Paul Clement, an attorney for the 26 states opposing the Patient Protection and Affordable Care Act, argued that the so-called individual mandate in the law regulates private economic inaction: 'The question is whether for the first time in our history Congress has the power to force people into commerce.'

The justices put forward a series of hypothetical questions to test the limits of what Congress could legislate if it can require insurance purchases.

'Can the government require you to buy a cell phone because that would facilitate communication in an emergency?' Roberts asked.

Other conservatives asked whether burial insurance could be required since everyone will die, while some pointed to potential requirements to eat broccoli or join a health club.

Liberals on the court seemed to argue the government's case.

'Unlike food or any other market, when you made the choice not to buy insurance, even though you have every intent in the world to self-insure, to save for it, when disaster strikes, you may not have the money,' noted Justice Ruth Bader Ginsburg.

Demonstrators gathered outside, with some supporters of the measure waving signs that read, 'Protect my health care.'

Hundreds of other activists were present on behalf of the Tea Party movement, a Republican, small-government faction that sprouted in 2009-10, largely in response to Obama's health care proposals.

'We're opposed to it, as is the Constitution of the United States,' said Vincent Ferro, who drove with a friend from New York state overnight.

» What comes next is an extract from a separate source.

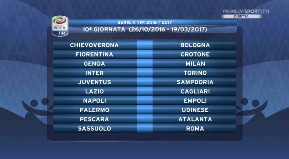 10ª GIORNATA — Chievo-Bologna, Fiorentina-Crotone, Genoa-Milan, Inter-Torino, Juventus-Sampdoria, Lazio-Cagliari, Napoli-Empoli, Palermo-Udinese, Pescara-Atalanta, Sassuolo-Roma.
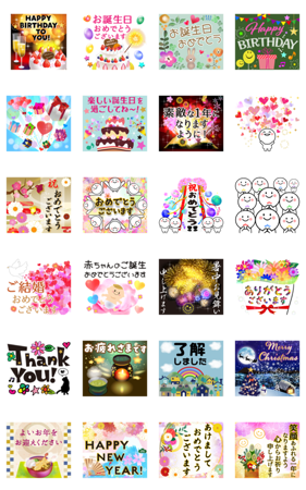 ずっと使える大人の誕生日とお祝い・年賀状 スタンプ情報

The hearings began Monday with procedural arguments about whether the court can hear a challenge to a law whose main provisions will not go into effect for years. On Wednesday, the court will consider whether the law must be struck down as a whole if parts are determined unconstitutional and debate an expansion of state health care for the poor.

Obama pushed for the law to help an estimated 30 million people without health insurance and address soaring costs in one of the few wealthy nations that do not guarantee insurance coverage to all citizens.